- Task description -
Look through the entries below for the line with "This exclusive seafront" and the line with "Boligen er indrettet", then give again exactly those two lines and all lines between them, minus the pictures.

- Data records -
• • •

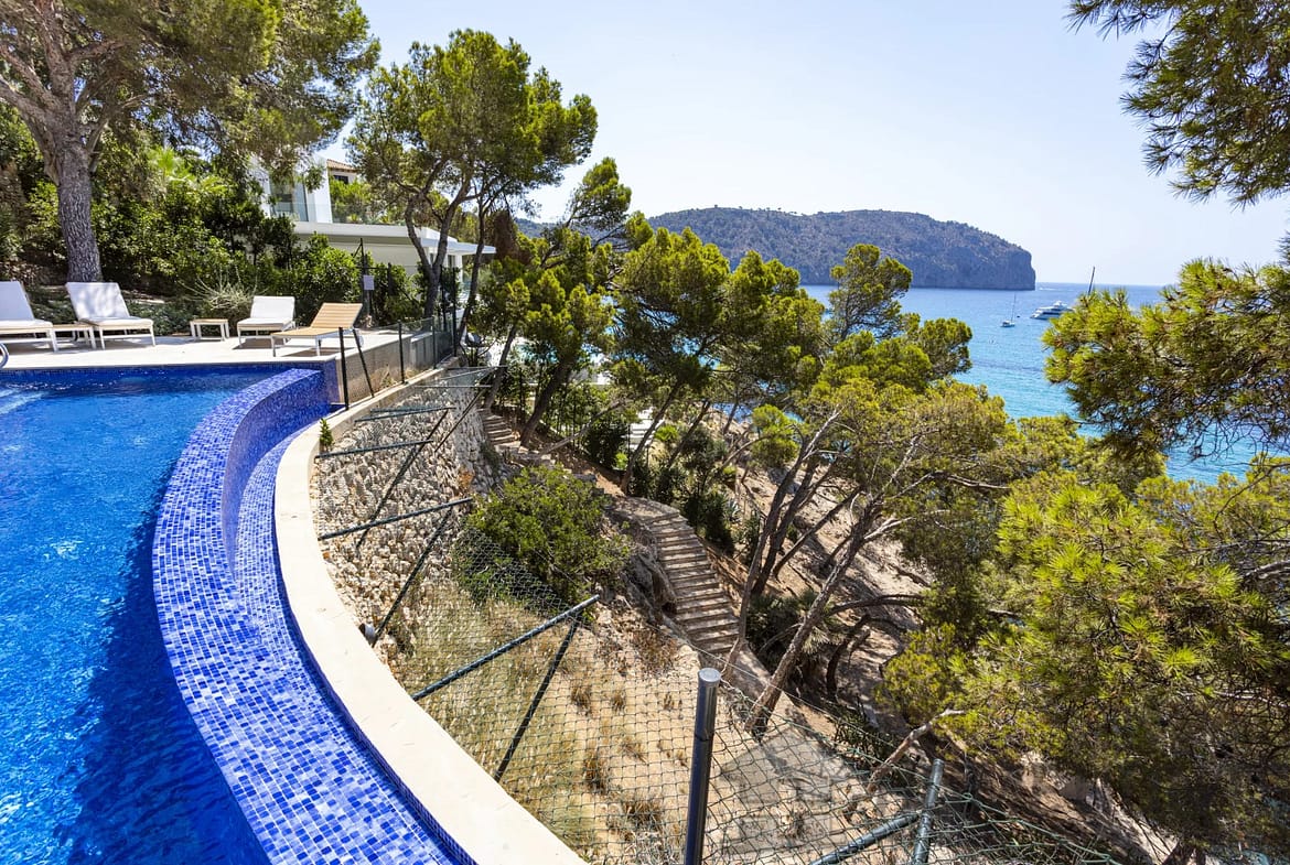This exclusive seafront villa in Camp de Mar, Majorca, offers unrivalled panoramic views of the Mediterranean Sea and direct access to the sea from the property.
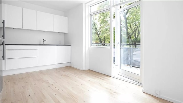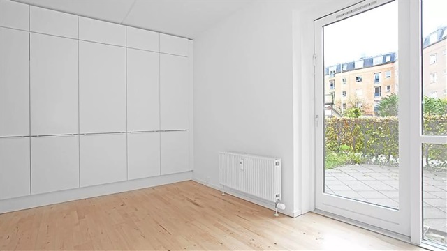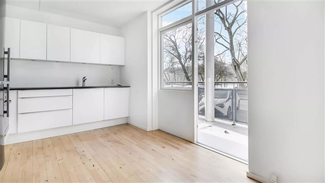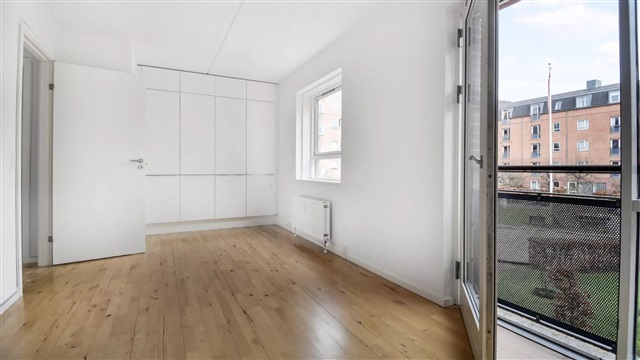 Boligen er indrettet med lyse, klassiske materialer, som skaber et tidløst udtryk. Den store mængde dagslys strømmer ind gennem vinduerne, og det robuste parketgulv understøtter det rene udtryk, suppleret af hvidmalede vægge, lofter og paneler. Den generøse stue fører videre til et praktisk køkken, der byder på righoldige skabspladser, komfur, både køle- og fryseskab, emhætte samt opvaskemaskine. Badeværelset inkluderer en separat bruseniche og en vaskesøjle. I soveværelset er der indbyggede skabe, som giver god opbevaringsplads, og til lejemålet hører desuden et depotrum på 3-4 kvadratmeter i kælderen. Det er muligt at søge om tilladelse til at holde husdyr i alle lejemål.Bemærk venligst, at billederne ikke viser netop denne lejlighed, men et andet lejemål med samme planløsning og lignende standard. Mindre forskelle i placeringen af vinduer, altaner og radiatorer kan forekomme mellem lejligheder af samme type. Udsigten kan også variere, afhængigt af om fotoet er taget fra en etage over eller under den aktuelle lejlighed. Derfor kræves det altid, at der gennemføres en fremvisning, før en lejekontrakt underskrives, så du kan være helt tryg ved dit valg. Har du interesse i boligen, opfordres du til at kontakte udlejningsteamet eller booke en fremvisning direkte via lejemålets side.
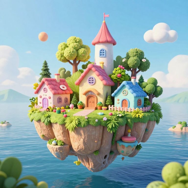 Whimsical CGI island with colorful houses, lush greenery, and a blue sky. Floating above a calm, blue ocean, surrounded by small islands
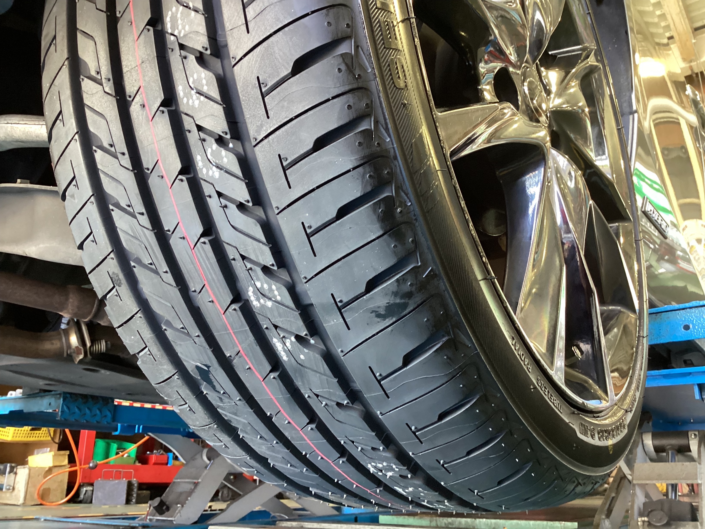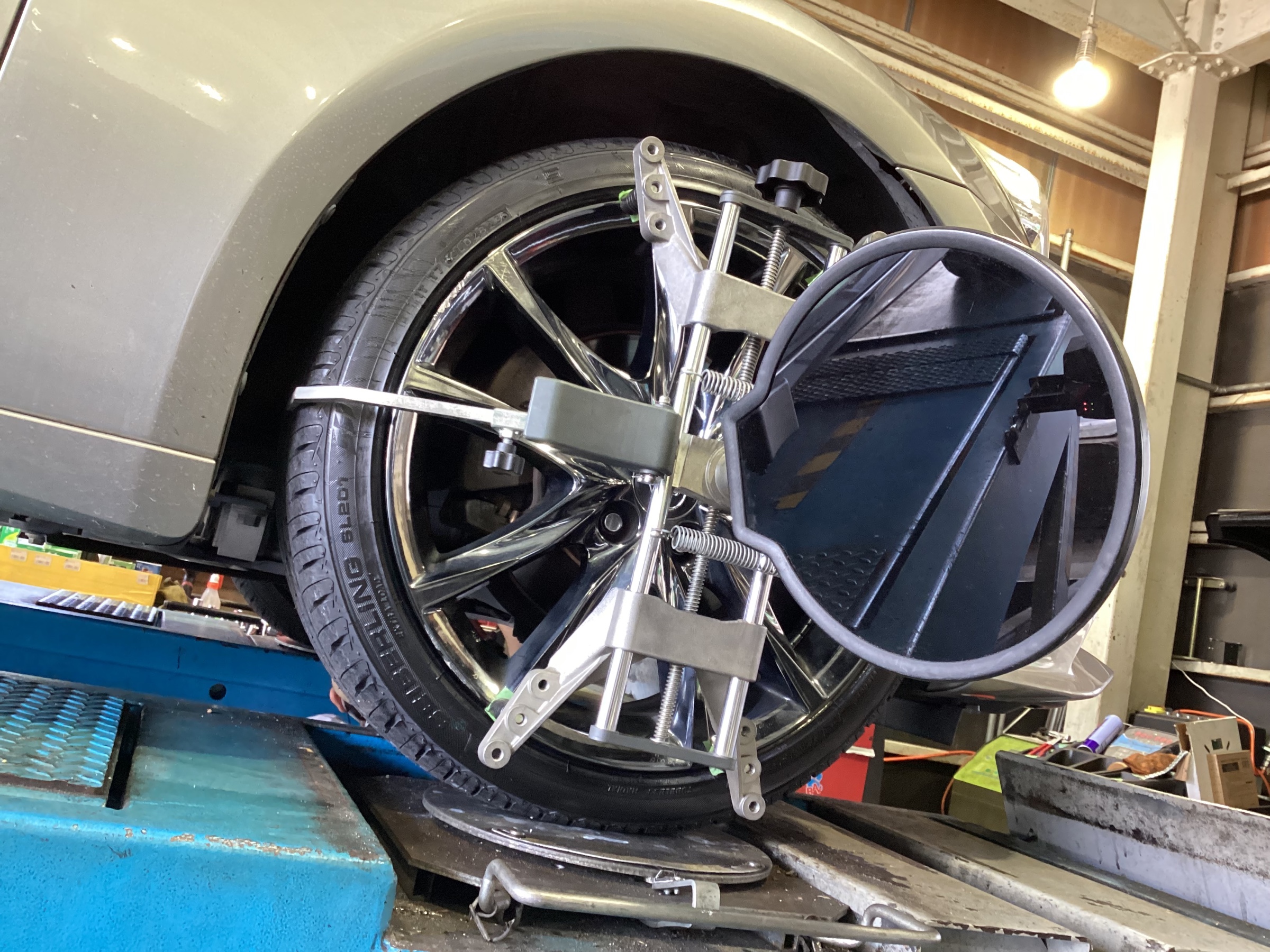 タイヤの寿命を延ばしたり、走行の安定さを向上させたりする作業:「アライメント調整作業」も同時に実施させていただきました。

• • •

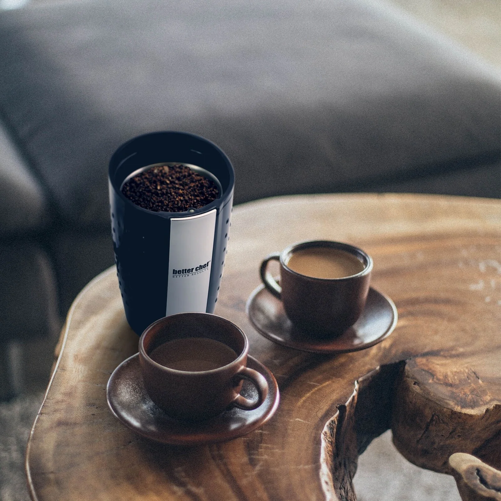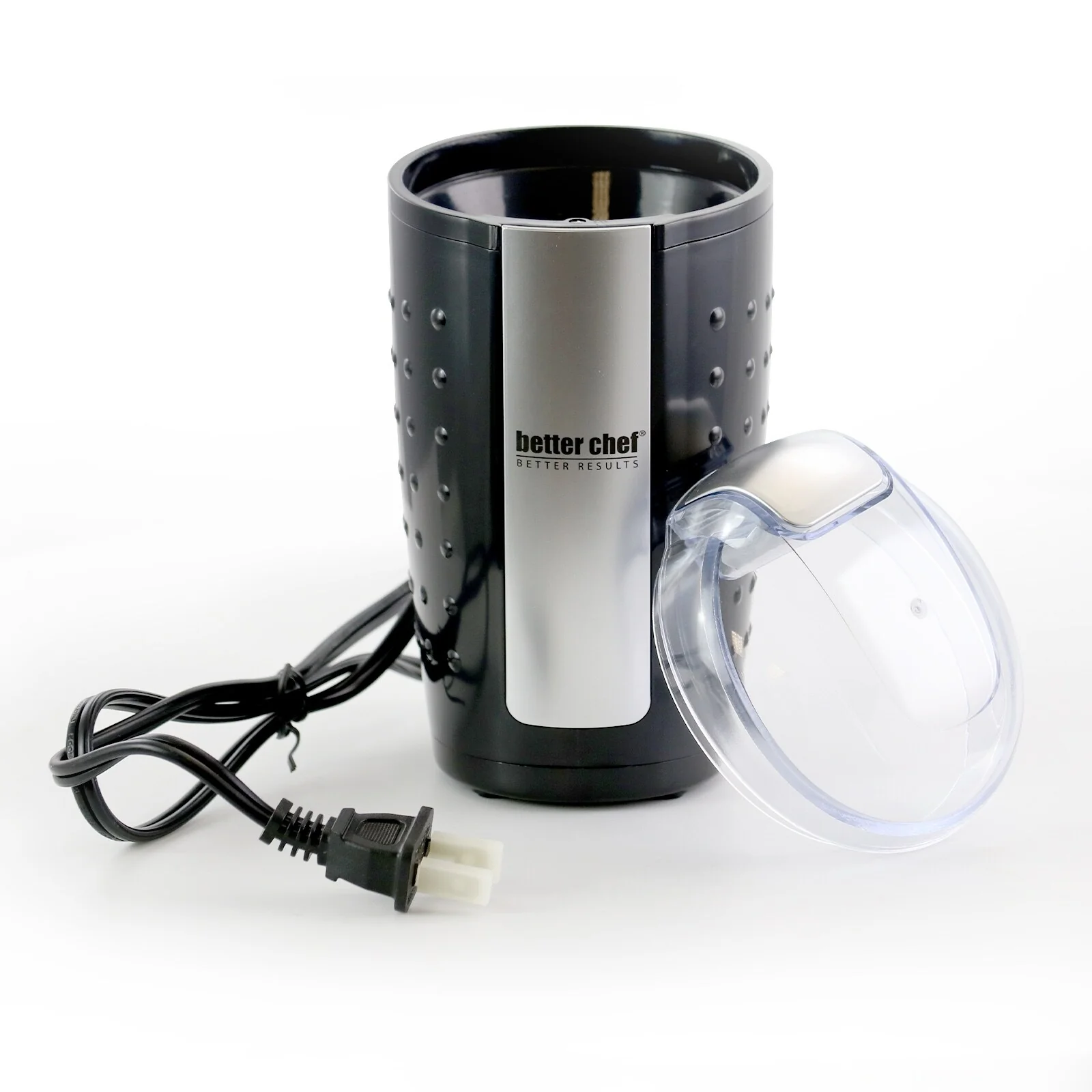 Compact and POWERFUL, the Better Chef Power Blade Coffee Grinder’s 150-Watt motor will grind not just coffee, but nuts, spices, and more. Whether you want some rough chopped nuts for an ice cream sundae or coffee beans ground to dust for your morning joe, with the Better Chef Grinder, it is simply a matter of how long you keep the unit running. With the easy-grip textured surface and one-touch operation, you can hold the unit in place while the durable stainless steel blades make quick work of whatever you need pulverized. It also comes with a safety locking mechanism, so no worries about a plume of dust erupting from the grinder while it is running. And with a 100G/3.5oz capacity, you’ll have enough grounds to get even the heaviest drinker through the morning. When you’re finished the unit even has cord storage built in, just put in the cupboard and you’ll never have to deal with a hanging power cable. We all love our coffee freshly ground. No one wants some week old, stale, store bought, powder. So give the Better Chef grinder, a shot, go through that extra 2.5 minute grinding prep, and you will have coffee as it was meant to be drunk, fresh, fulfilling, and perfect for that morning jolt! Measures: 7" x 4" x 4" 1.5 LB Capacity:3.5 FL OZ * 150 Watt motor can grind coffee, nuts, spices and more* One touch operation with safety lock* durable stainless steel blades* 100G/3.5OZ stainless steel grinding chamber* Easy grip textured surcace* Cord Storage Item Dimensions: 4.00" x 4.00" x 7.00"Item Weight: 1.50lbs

• • •

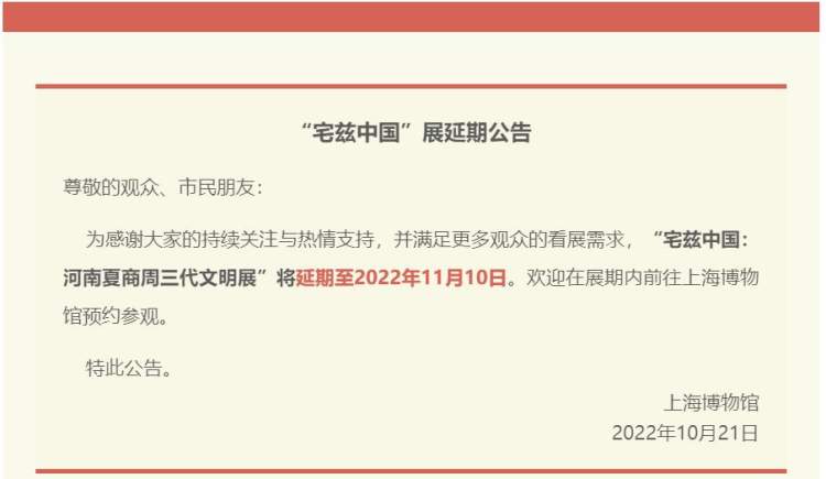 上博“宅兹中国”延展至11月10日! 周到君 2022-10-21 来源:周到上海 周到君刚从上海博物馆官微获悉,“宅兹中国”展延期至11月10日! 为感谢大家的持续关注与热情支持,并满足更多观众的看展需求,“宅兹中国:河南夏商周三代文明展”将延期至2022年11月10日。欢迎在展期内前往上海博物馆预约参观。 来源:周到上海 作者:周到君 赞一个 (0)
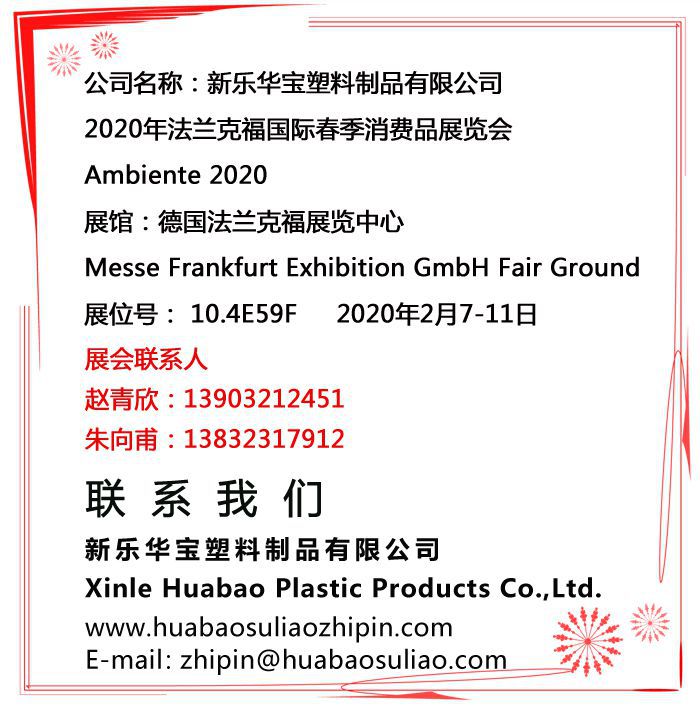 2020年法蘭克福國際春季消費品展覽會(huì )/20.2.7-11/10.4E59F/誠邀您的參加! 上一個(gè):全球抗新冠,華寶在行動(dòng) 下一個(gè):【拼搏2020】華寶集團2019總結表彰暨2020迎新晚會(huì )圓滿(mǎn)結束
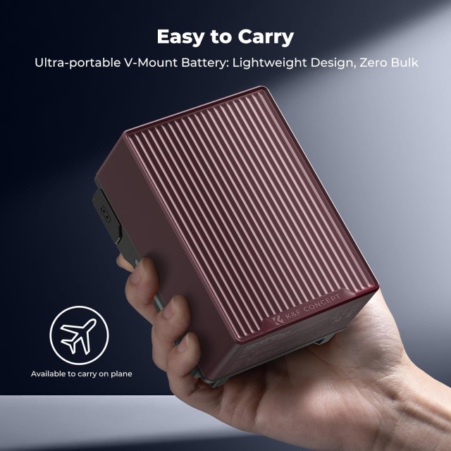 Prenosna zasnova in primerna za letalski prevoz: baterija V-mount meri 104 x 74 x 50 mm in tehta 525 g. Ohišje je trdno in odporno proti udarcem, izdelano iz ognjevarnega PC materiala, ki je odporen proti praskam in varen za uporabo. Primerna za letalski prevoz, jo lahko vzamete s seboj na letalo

• • •

- Answer -
This exclusive seafront villa in Camp de Mar, Majorca, offers unrivalled panoramic views of the Mediterranean Sea and direct access to the sea from the property.
 Boligen er indrettet med lyse, klassiske materialer, som skaber et tidløst udtryk. Den store mængde dagslys strømmer ind gennem vinduerne, og det robuste parketgulv understøtter det rene udtryk, suppleret af hvidmalede vægge, lofter og paneler. Den generøse stue fører videre til et praktisk køkken, der byder på righoldige skabspladser, komfur, både køle- og fryseskab, emhætte samt opvaskemaskine. Badeværelset inkluderer en separat bruseniche og en vaskesøjle. I soveværelset er der indbyggede skabe, som giver god opbevaringsplads, og til lejemålet hører desuden et depotrum på 3-4 kvadratmeter i kælderen. Det er muligt at søge om tilladelse til at holde husdyr i alle lejemål.Bemærk venligst, at billederne ikke viser netop denne lejlighed, men et andet lejemål med samme planløsning og lignende standard. Mindre forskelle i placeringen af vinduer, altaner og radiatorer kan forekomme mellem lejligheder af samme type. Udsigten kan også variere, afhængigt af om fotoet er taget fra en etage over eller under den aktuelle lejlighed. Derfor kræves det altid, at der gennemføres en fremvisning, før en lejekontrakt underskrives, så du kan være helt tryg ved dit valg. Har du interesse i boligen, opfordres du til at kontakte udlejningsteamet eller booke en fremvisning direkte via lejemålets side.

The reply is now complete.